Project Description
Renters are seeing shrinking unit sizes nationwide. As developers seek higher density and higher revenue per square foot to offset rising land value and construction costs, more and more small-scale units are being developed. Like any building-typology, small space units as a result of both the financial constraints of the time and the dominant societal, political and architectural views from the early 20th century to today. This survey of small-space living underscores an understanding of the social dynamics of the built environment: how public policy has both encouraged and impeded certain typologies, how the single-room unit has been revived in the form of the micro-unit, how such a development can exclude the most vulnerable communities, and how rhetoric of “substandard” and “slum” fueled the destruction of hundreds of thousands of units.

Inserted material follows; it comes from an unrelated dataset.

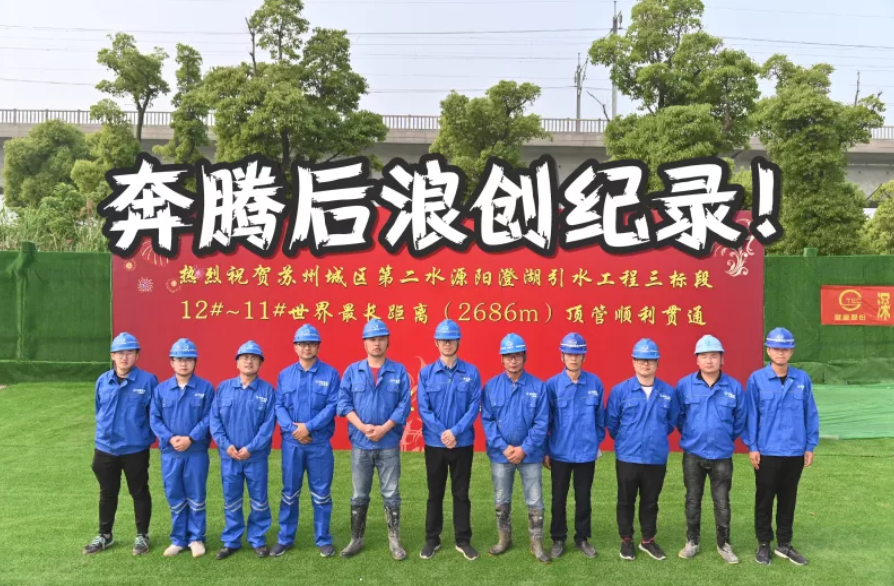 在这一项目中,隧道人操纵两台顶管掘进机,一次性完成两条全长2686米的水域段隧道顶进施工,刷新了世界“单次顶进长度最长”的顶管施工纪录!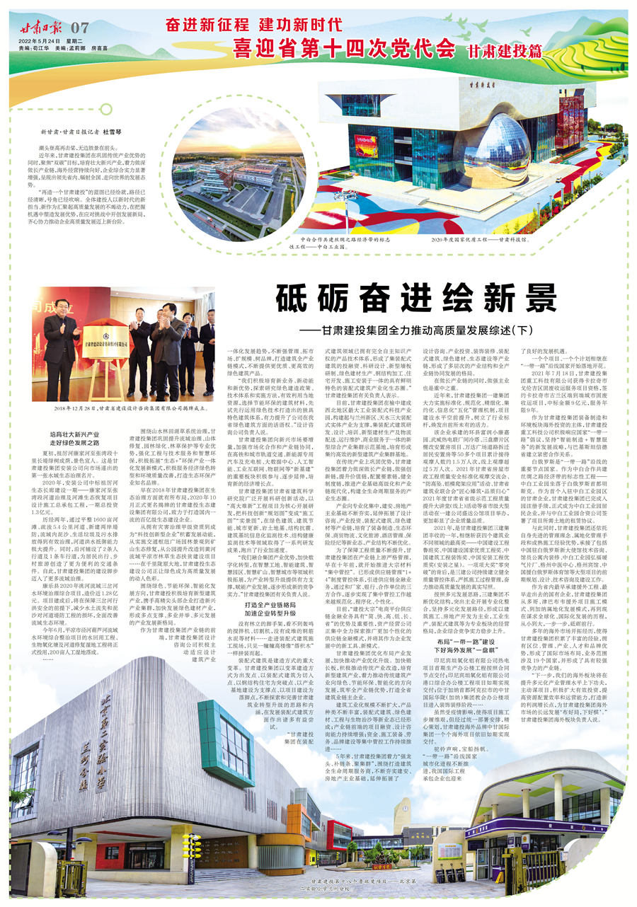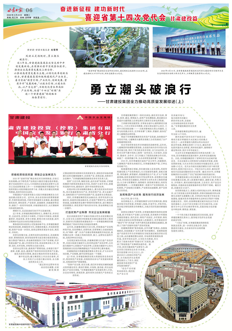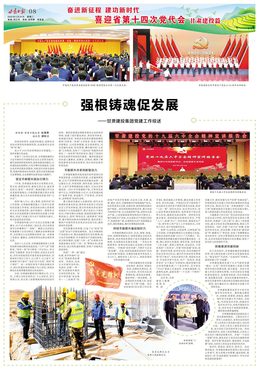《甘肅日?qǐng)?bào)》:奮進(jìn)新征程 建功新時(shí)代——喜迎省第十四次黨代會(huì)?甘肅建投篇

The minimum dwelling unit offers a rich prism through which to parse shifting representations and ideologies of place and family life in American cities, and the urban crisis of an ongoing housing shortage because its materiality is always bound up with an intricate assemblage of meanings. Whether they are lauded or decried small units have been a long-standing part of American housing options. Culturally constructed realities of the domestic realm invoke complicated and complex ideas about privacy, work, gender, identity, family, subject formation, class, and cultural representations. This thesis is designed as a critical history of selected small space living unit focusing on changes in ideology and rhetoric surrounding small space living as it evolved from a constricting housing typology for the desperate to a privileged choice for urban dwellers as is seen with the micro-unit. Specific case studies of the architectural and spatial artifacts/typologies, discourse surrounding those debates, and the economic and social conditions that gave rise to these housing formats ground this work. By problematizing typologies, formats, and conventions this thesis seeks to elucidate ideologies of social inequality and racial discrimination that is embedded in the built environment, particularly within the domestic realm.